### PROVIDED DATA
-*-

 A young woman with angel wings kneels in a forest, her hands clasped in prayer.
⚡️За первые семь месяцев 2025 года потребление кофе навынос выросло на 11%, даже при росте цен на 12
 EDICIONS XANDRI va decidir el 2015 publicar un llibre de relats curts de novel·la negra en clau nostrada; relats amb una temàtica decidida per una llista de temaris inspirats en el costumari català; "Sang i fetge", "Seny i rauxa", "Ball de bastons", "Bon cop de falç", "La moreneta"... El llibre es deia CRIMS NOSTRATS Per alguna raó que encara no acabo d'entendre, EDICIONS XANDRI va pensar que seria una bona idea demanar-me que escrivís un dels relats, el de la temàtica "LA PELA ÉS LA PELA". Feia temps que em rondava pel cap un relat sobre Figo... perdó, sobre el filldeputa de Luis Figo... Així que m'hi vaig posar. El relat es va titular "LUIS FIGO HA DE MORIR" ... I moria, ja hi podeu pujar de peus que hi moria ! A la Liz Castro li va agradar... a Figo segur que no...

-*-

### WHAT YOU NEED TO DO
Reproduce the whole listing verbatim, leaving every line as it was.

### WRITTEN RESPONSE
 A young woman with angel wings kneels in a forest, her hands clasped in prayer.
⚡️За первые семь месяцев 2025 года потребление кофе навынос выросло на 11%, даже при росте цен на 12
 EDICIONS XANDRI va decidir el 2015 publicar un llibre de relats curts de novel·la negra en clau nostrada; relats amb una temàtica decidida per una llista de temaris inspirats en el costumari català; "Sang i fetge", "Seny i rauxa", "Ball de bastons", "Bon cop de falç", "La moreneta"... El llibre es deia CRIMS NOSTRATS Per alguna raó que encara no acabo d'entendre, EDICIONS XANDRI va pensar que seria una bona idea demanar-me que escrivís un dels relats, el de la temàtica "LA PELA ÉS LA PELA". Feia temps que em rondava pel cap un relat sobre Figo... perdó, sobre el filldeputa de Luis Figo... Així que m'hi vaig posar. El relat es va titular "LUIS FIGO HA DE MORIR" ... I moria, ja hi podeu pujar de peus que hi moria ! A la Liz Castro li va agradar... a Figo segur que no...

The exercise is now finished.